DP World joint venture won concessions for two berths in France’s Le Havre port on the north coast as the global ports operator continues expansion amid challenging global market conditions.
The JV between DP World and France’s container operator Terminal Link — PortSynergy Group (GMP) is contracted to build and operate berths 11 and 12 at Port 2000 in Le Havre under a 34-year concession, according to a statement on Monday.
“The addition of the two new berths will enable us to secure more volume and provide high-efficiency services,” said Louis Jonquiere, managing director of GMP. “As a major hub port, the expansion in the terminal will facilitate the capture of more volume from the trade, benefiting from the momentum that has built in the region.”

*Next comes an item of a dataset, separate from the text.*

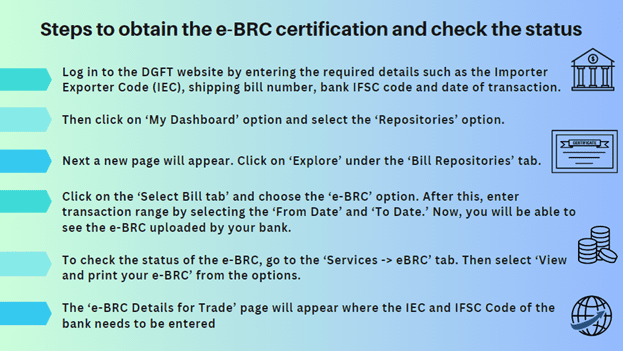 The e-BRC is a digital version of the certificate. The introduction of e-BRC put an end to the time-consuming preparation of going to the bank to get the certificate issued followed by submitting it by going to the Directorate General of Foreign Trade’s (DGFT) regional branch. Presently, banks naturally issue a computerised e-BRC when the exporter applies for the certificate and receives installments for exporting goods and services in the bank account from abroad.

DP World, the world’s largest port operator with terminals from Vancouver to Hong Kong, through its JV already has existing operations in the port of Le Havre at berth 5, according to its website.
The new concession agreement in France includes two years of studies and design, two years of civil engineering work and 30 years of operation, according to the statement. The new terminal will add a further capacity of one million Twenty-Foot Equivalent Units (TEUs), including a 700 metre-long quay and a 42-hectare site. GMP will invest in two new container berths spanning across 700 metres.

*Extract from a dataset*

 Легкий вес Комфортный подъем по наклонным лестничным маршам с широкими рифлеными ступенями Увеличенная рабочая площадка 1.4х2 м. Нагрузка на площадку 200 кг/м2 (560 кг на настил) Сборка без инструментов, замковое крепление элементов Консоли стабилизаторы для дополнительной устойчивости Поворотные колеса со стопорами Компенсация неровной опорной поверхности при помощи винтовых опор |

“DP World and its partners will continue to build on the port’s important position as a key logistics hub in Europe,” Rashid Abdulla, chief executive of DP World in Europe, said.
The companies did not provide a timeline for the start or completion of the project and did not reveal the amount of investment in the new terminal.
“We aim to enable smarter trade and create a much stronger economic engine for the national and regional market,” Mr Jonquiere.
In October, Nasdaq Dubai-listed DP World said it expects full-year earnings to be in line with market expectations as it focuses on integrating recent acquisitions, managing costs and disciplined investment.
In July, DP World acquired Topaz Energy and Marine, marking its first foray into the oil and gas sector. The company has been on an investment spree since 2018 as its growth strategy evolves to include the wider logistics supply chain.
Last month DP World warned of a “challenging macro backdrop” from global trade tensions and an “uncertain” outlook from geopolitical tensions after reporting a drop in third-quarter shipping container volumes across its global terminals.
The company’s gross container volumes fell 1.6 per cent to 17.7 million TEUs compared to 18m a year ago amid declining volumes in Asia Pacific and India and flat growth in Dubai.
Threats from an escalating trade war between the US and China, the world’s two biggest economies, have been weighing on business confidence and clouding the outlook for future growth.
Geopolitical friction in the Middle East between the US and Iran has also led to tensions in the Strait of Hormuz, prompting a US-led coalition of countries to commit troops, planes and ships to accompany and track vessels passing through the Gulf. The ongoing saga of the UK’s exit from the European Union has also fuelled uncertainty and hurt business confidence.